Glutathione S-Transferase Polymorphisms and Genetic Susceptibility to Cervical Cancer
Jin Woo Kim, Chun Geun Lee, Yeo Won Sohn, Hong Ki Min, Su Mi Han, Eun Young Cho, Kyung Sook Kim, Jin Woong Shin, Sa Jin Kim, Tae Chul Park, Joon Mo Lee, Sung Eun Namkoong
1Department of Obstetrics and Gynecology, Catholic University Medical College, Korea.
2Molecular Genetic Laboratory, Catholic Research Institutes of Medical Science, Catholic University Medical College, Korea.
3Department of Medical Genetics, Hanyang University School of Medicine, Seoul, Korea.
4Division of Biotechnology, Food and Drug Administration, Korea.
The identification of genetic traits that predispose individuals to environmentally induced cancers is one of the challanges in the assessment of individual cancer risk. The genetically determined differences in metabolism, related to glutathione S-transferases (GSTs) have been reported to be associated with various cancer susceptibility. The present study was set up to establish the frequencies of the polymorphic genotypes of two GST (GST- mu and GST-theta) isozymes in Korea, to evaluate a possible increased incidence of the genotypes associated with higher cervical cancer risks among Korean cervical cancer patients.
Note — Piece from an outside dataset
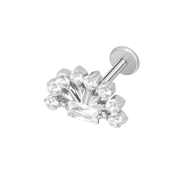 Titanium CZ Flower With Rectangle CZ Center Internally Threaded Top

In this study, extracted DNAs from cervical cancer patients (228 for GST-mu and 241 for GST-theta genotypes) and normal controls (360 for GST-mu and 353 for GST-theta genotypes) were analysed with the polymerase chain reaction (PCR).
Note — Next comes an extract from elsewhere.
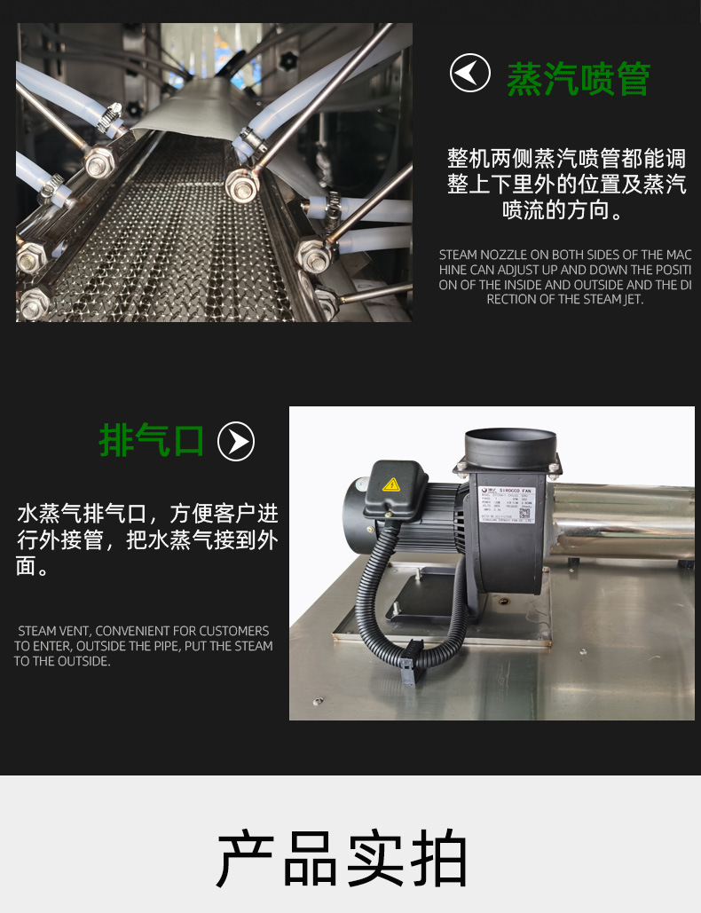 • 蒸汽噴射角度可調(diào)節(jié):整機兩側(cè)噴管每根都能調(diào)整其上下、里外位置及噴流方向,可根據(jù)產(chǎn)品的形狀、尺寸和包裝要求,精確調(diào)整蒸汽噴射角度,確保蒸汽能夠均勻地覆蓋在產(chǎn)品表面,進一步優(yōu)化收縮效果,同時降低瓶身受熱變形的可能135.

The overall genotype distribution of the GST-theta polymorphisms was not statistically different between the patients and control groups. But, in the GST-mu null genotypes, there were remarkable differences between patients and control groups when the cervical cancer patients were devided into subgroups with respect to the age. The frequency of GST-mu null polymorphisms in the cervical cancer patients under the 40 years old was significantly higher compared to the patients above the 40 years old (0.01<P<0.05). In cervical carcinoma, the polymorphic genotypes of GST-mu null were correlated to far advanced clinical stages (stages III and IV) (0.05<P<0.1). But other parameters including histological type and degree of differentiation were not correlated with GST polymorphism.
These results strongly suggest that individuals carrying GST-mu (null) alleles are genetically susceptible to cervical cancer which develops before 40 years of age and GST-mu null genotype may play a some role in cervical cancer progression.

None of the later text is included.